The Exhibit Index immediately preceding the exhibits is incorporated herein by reference.

Item 9. Undertakings.

1. Item 512(a) of Regulation S-K. The undersigned Registrant hereby undertakes:

(1) To file, during any period in which offers or sales are being made, a post-effective amendment to this registration statement:

(i) To include any prospectus required by Section 10(a)(3) of the Securities Act;

(ii) To reflect in the prospectus any facts or events arising after the effective date of the registration statement (or the most recent post-effective amendment thereof) which, individually or in the aggregate, represent a fundamental change in the information set forth in the registration statement; and

(iii) To include any material information with respect to the plan of distribution not previously disclosed in the registration statement or any material change to such information in the registration statement;

provided, however, that paragraphs (i) and (ii) above do not apply if the information required to be included in a post-effective amendment by those paragraphs is contained in reports filed with or furnished to the Commission by the Registrant pursuant to Section 13 or Section 15(d) of the Exchange Act that are incorporated by reference in the registration statement.
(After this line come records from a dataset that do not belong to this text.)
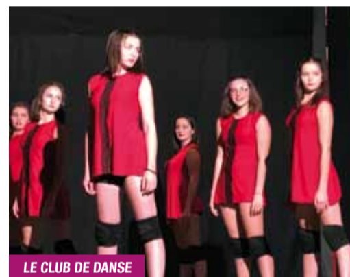
LE CLUB DE DANSE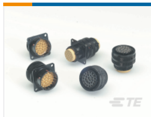
TE 产品编号ZPF00000000019072 FDBA 56-10-6 PN-K-A285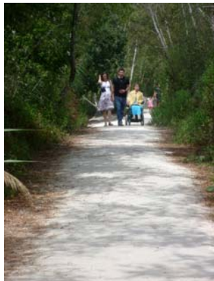
Sur le chemin du parc du Teich, accessible !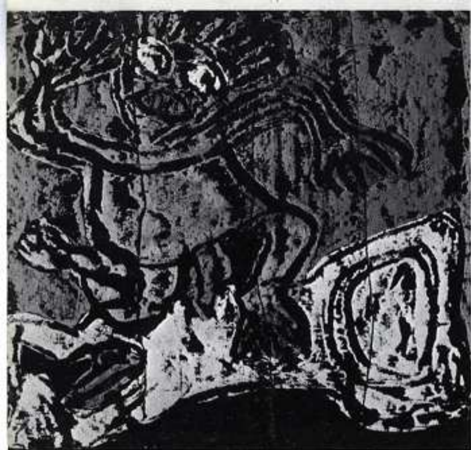
6° episodio, Caino uccide Abele.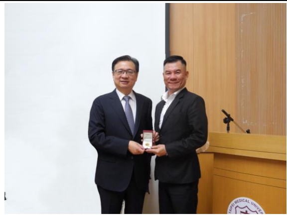
總務處 沈盛達編纂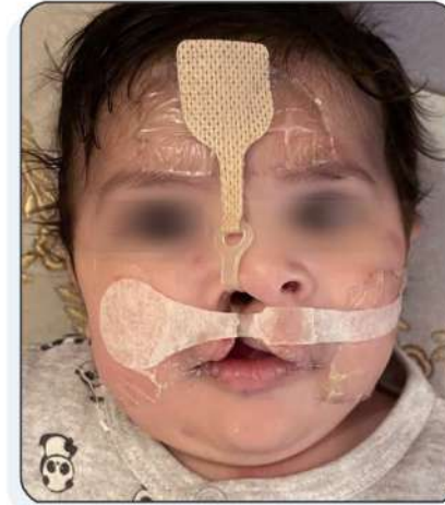
بعد شهرين من وضع اللصقات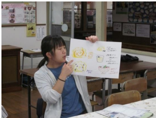
1 大学生から、新たな郷土料理のアイデアが出されました！

アイデアをさらに良いものに仕上げられるよう、レシピの助言等を受けながら、郷土料理やスイーツの試作を重ねていく予定です。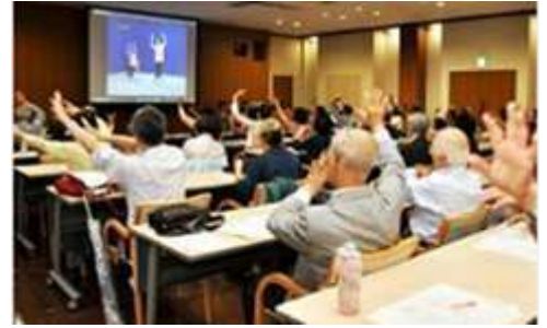
令和元年度に実施した地域デビュー講演会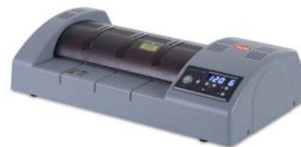
intimus PHS-330 & 450 High Speed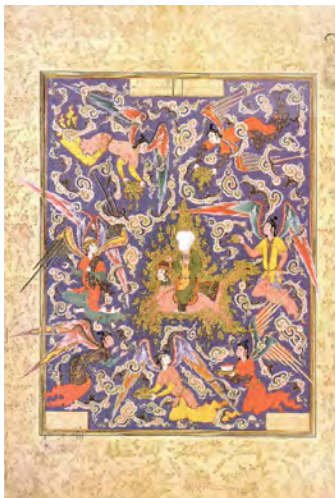
تصویر ۱: دفتر هفتم، مجلس اول (خردنامه اسکندری، معراج حضرت رسول(ص) (حسینی، ۱۳۸۵: ۱۷)

روح معجزه‌آسای پیامبر به آسمان می‌پردازد که نخستین بار در قرآن کریم به آن اشاره شده است. این توصیفات تا بیت ۱۰۶ ادامه دارد. پس از آن شاعر در بخشی کوتاه به پرواز حضرت محمد(ص) سوار بر براق از فراز مکه به بیت المقدس می‌پردازد جایی که سیارات به گرد او جمع می‌شوند و راه را با سکه‌های زر مفروش می‌کنند. در بیت ۱۲۲ شاعر به این نکته اشاره می‌کند که حضرت محمد و حضرت موسی(ع) از خداوند می‌خواهند تا خود را به آنها بنمایاند، خداوند با درخواست حضرت محمد(ص) موافقت می‌کند در حالی که به درخواست حضرت موسی با اشاره کردن به کوه طور پاسخ می‌دهد، این جایگاه و مرتبه پیامبر(ص) را در پیشگاه خداوند نشان می‌دهد. بر اساس آنچه که در کتاب شعر و نقاشی ایرانی توسط ماریانا سیمپسون نگارش شده و شامل بیست و هشت نگاره می‌باشد، چنین بر می‌آید، که همسو با منظومه شاعرانه‌ای که نگاره ملهم از آن است، نگاره جامی فریر به زیبایی عروج پیامبر به ملکوت را به تصویر کشیده است. جمال او در هاله‌ای از نور که نشانه تقدس اوست نشان داده شده. حضرت محمد(ص) سوار بر براق بر پهنه آسمان لاجوردی در پرواز است در حالی که پیرامون او را فرشتگان و ابرها پر کرده‌اند، شش فرشته به همراه جبرئیل که با بال‌های الوان و درخشان در پروازند، گرداگرد پیامبر تصویر شده است. تصویر فرشتگان و آرایش موها و لباس‌ها با الهام از سنت هنری مرسوم در نقاشی ایرانی و ترکی قرن شانزدهم و طرح‌های نگاره‌ای آن دوران نقاشی شده‌اند (سیمپسون، ۱۳۸۳: ۱۴) (تصویر شماره ۱)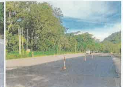
Foto 6. Taulabé – Desvió Santa Cruz de Yojoa Colocación y compactación de la franja de mezcla asfáltica, espesor 5 cm.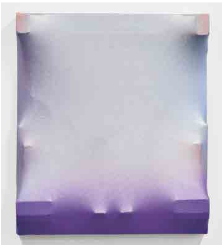
Petr Dub, Yes or No to Purple, 2014, akryl, syntetické laky, dřevo, plátno, 64 × 56 × 11 cm Dar autora v roce 2016.

Petra Herotová (1980) tvoří v různých médiích, tím nejpriznáčnejším však pro ni je kresba, která má podobně jako celá její práce konceptuální přesahy. Její kresby tematizují současný svět a některé charakteristické aspekty jeho vizuality, aniž by nesly nějaké prvoplánové poselství třeba ve smyslu sociální či jiné kritiky. V tomto cyklu například zobrazovala spotřební zboží pokryté dekory odvozenými z děl klasiků moderního umění; zde konkrétně jsou to imaginární pouzdra mobilů s motivy suprematistických kompozic Kazimira Maleviče.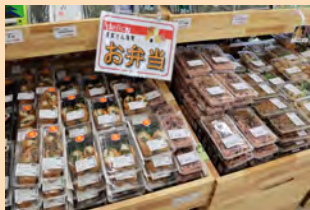
▲農家のお赤飯、おこわ、お惣菜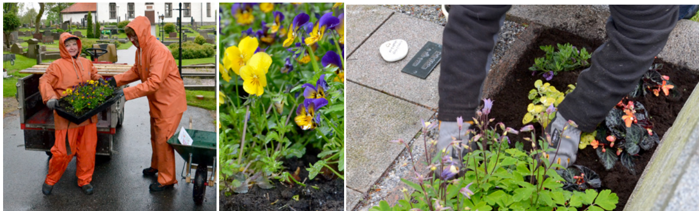
Året runt genomförs gravskötsel på pastoratets kyrkogårdar. Lite regn står inte ivägen. Rätt kläder för väder gäller!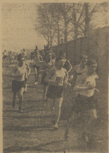
Sezon wiosennych biegów na przelaj rozpoczęła Warszawa, w sobotę, niedzielę, Kandydaci na następstwo Kusocińskiego, Nowego i Kucharskiego z grupy juniorów widzieli na trasie biegu urzędowego przejeżdżając WÓZŁA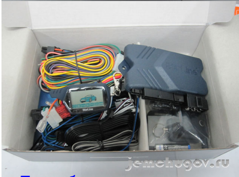
Получить Установка автосигнализации Starline A91 Dialog, замок КПП Bear Lock, камеры заднего вида. Пример установки сигнализации с автозапуском Starline A91 Dialog, блокиратора коробки перед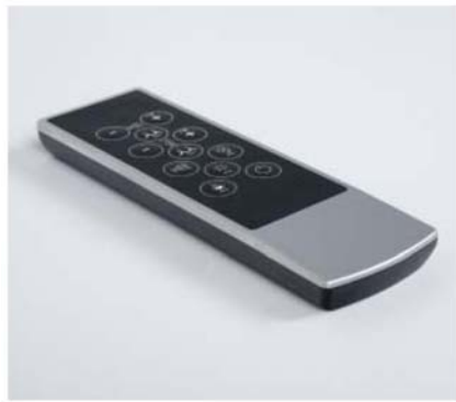
i Fernbedienung Télécommande Afstandsbediening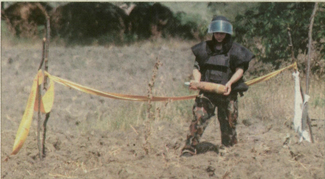
A tűzszerész óvatosan vitte a lövedéket a robbantás helyére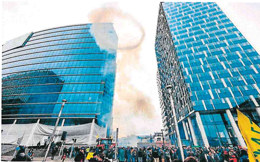
Columnas de humo se elevan frente a los edificios de la Comisión Europea, ayer durante una nueva protesta de agricultores en Bruselas.

En cambio, acrecientan la producción en este quinquenio nueve epígrafes industriales. Cuatro con mucho vigor y, además, invirtiendo la tendencia, como son la confección de prendas de vestir (31%), suministro de energía eléctrica, gas, vapor, aire acondicionado y refino de petróleo (26,3%), fabricación de bebidas (19,4%) y captación y depuración de aguas (18%). Asimismo, otras dos anotan alzas significativas: artes gráficas y reproducción de soportes grabados (11,2%), y fabricación de muebles (5,6%).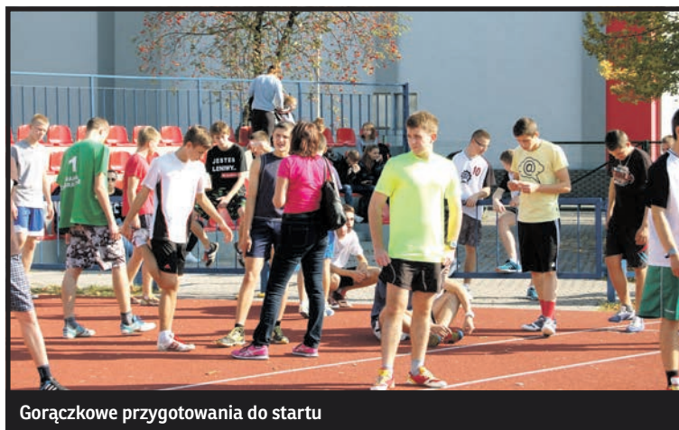
Gorączkowe przygotowania do startu

nież białskim IV LO, miejsce trzecie wywalczyli uczniowie ZS Małaszewicze. Wśród dziewcząt także na dwóch czołowych miejscach uplasowały drużyny I oraz II LO z Białej Podlaskiej, na trzecim zaś uplasowała się ekipa LO Wisznice.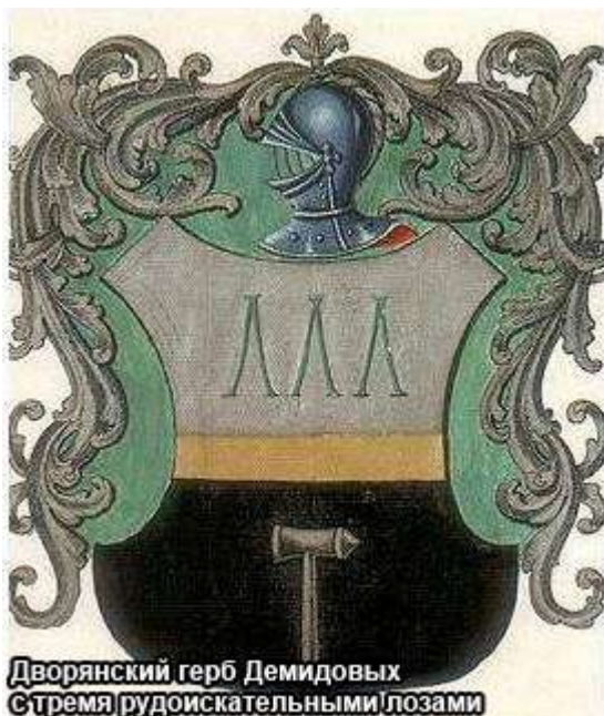
Дворянский герб Демидовых Стремя рудоискательными лозами

А комиссия по борьбе с «лженаукой» все больше словом, словом... отстаивает «передовые» рубежи. В Интернете – сотни статей с тезисом «биолокация – лженаука» настрогали. Но вот Демидовы, имени которых уважаемые академики премии получают, считали наоборот: лозоходство – очень полезное ремесло. Не зря на гербе лозы помещены выше молота – символа материального производства. Не виноваты лозоходцы древние и современные, что в Академии наук не хватило

(2) That, for the purpose of determining any liability under the Securities Act, each such post-effective amendment shall be deemed to be a new registration statement relating to the securities offered therein, and the offering of such securities at that time shall be deemed to be the initial bona fide offering thereof.

(3) To remove from registration by means of a post-effective amendment any of the securities being registered which remain unsold at the termination of the offering.

2. Item 512(b) of Regulation S-K. The undersigned Registrant hereby undertakes that, for purposes of determining any liability under the Securities Act, each filing of the Registrant’s annual report pursuant to Section 13(a) or Section 15(d) of the Exchange Act that is incorporated by reference in the registration statement shall be deemed to be a new registration statement relating to the securities offered therein, and the offering of such securities at that time shall be deemed to be the initial bona fide offering thereof.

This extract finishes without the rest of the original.